All the memory disambiguation logic is accompalished via the Load-Store Queues in an out-of-order processor. Read more about memory disambiguation here

If your confusion is solely because of the paper you refering to, consider asking the authors - it is likely that their use of terminology is mixed up.

回答3:

This is in line with what I explained above, but then it conflicts with the 'store buffer' in the first quote.

There is really no conflict and your understanding seems to be consistent with the they way these terms are used in the paper. Let's carefully go through what the authors have said.

SSB eliminates the non-scalable associative search of conventional store buffers...
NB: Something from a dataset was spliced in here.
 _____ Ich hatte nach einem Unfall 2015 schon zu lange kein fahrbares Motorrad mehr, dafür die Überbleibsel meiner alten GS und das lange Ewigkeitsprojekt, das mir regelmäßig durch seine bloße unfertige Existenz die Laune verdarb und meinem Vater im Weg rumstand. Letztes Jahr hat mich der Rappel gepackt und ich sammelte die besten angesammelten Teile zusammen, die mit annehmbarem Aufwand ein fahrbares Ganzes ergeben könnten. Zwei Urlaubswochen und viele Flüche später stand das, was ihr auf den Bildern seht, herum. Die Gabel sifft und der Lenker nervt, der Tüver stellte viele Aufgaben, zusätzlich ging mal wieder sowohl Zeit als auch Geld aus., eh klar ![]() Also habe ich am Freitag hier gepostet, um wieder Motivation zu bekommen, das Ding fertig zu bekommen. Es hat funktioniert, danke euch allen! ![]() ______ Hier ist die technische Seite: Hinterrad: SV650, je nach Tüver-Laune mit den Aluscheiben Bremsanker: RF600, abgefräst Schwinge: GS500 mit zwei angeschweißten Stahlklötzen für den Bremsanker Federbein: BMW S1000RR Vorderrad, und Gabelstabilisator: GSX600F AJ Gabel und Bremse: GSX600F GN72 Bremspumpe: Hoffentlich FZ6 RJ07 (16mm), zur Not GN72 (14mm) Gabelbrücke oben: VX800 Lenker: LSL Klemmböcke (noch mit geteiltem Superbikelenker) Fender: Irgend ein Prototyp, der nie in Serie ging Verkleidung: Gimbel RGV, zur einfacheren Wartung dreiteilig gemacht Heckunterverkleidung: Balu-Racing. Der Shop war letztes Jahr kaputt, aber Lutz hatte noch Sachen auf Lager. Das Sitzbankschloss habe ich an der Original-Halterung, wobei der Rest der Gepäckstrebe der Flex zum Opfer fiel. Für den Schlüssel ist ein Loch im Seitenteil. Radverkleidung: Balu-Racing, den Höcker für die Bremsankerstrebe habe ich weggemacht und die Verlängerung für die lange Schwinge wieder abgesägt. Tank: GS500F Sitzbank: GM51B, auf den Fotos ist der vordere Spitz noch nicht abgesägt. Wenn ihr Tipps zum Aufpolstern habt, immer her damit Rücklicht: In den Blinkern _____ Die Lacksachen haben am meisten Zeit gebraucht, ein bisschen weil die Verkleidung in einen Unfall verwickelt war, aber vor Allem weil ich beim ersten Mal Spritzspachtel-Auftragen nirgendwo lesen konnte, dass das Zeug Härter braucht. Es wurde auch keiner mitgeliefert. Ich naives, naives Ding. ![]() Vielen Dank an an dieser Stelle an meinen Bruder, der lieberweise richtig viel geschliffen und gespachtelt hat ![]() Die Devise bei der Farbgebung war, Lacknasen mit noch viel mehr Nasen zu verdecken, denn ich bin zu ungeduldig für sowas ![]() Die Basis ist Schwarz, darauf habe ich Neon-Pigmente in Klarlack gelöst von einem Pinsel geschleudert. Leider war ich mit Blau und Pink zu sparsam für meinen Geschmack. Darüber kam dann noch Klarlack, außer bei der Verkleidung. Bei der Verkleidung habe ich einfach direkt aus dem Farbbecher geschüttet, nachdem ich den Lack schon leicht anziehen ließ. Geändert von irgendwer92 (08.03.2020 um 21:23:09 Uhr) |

The store buffer holds stores that have been retired but are yet to be written into the L1 cache. This necessarily implies that any later issued load is younger in program order with respect to any of the stores in the store buffer. So to check whether the most recent value of the target cache line of the load is still in the store buffer, all that needs to be done is to search the store buffer by the load address. There can be either zero stores that match the load or exactly one store. That is, there cannot be more than one matching store. In the store buffer, for the purpose of forwarding, you only need to keep track of the last store to a cache line (if any) and only compare against that. This is in contrast to the store queue as I will discuss shortly.

...by forwarding processor-visible/speculative values to loads directly from the L1 cache.

In the architecture proposed by the authors, the store buffer and the L1 cache are not in the coherence domain. The L2 is the first structure that is in the coherence domain. Therefore, the L1 contains private values and the authors use it to forward data.

We use "store queue" to refer to storage that holds stores’ values prior to retirement and "store buffer" to refer to storage containing retired store values prior to their release to memory.

Since the store queue holds stores that have not yet been retired, when comparing a load with the store queue, both the address and the age of each store in the queue need to be checked. Then the value is forwarded from the youngest store that is older than the load targeting the same location.

The goal of the paper you cited is to find an efficient way to increase the capacity of the store buffer. It just doesn't make any changes to the store queue because that is not in the scope of the work. However, there is another paper that targets the store queue instead.

a store buffer is a mechanism that exists in many current processors to accomplish one or more of the following: store access ordering, latency hiding and data forwarding.

These features apply to both store buffers and store queues. Using store buffers (and queues) is the most common way to provide these features, but there are others.

In general, though, these terms might be used by different authors or vendors to refer to different things. For example, in the Intel manual, only the store buffer term is used and it holds both non-retired and retired-but-yet-to-be-committed stores (obviously the implementation is much more complicated than just a buffer). In fact, it's possible to have a single buffer for both kinds of stores and use a flag to distinguish between them. In the AMD manual, the terms store buffer, store queue, and write buffer are used interchangeably to refer to the same thing as what Intel calls the store buffer. Although the term write buffer does have a specific meaning in other contexts. If you are reading a document that uses any of these terms without defining them, you'll have to figure out from the context how they are used. In that particular paper you cited, the two terms have been defined precisely. Anyway, I understand that it's easy to get confused because I've been there.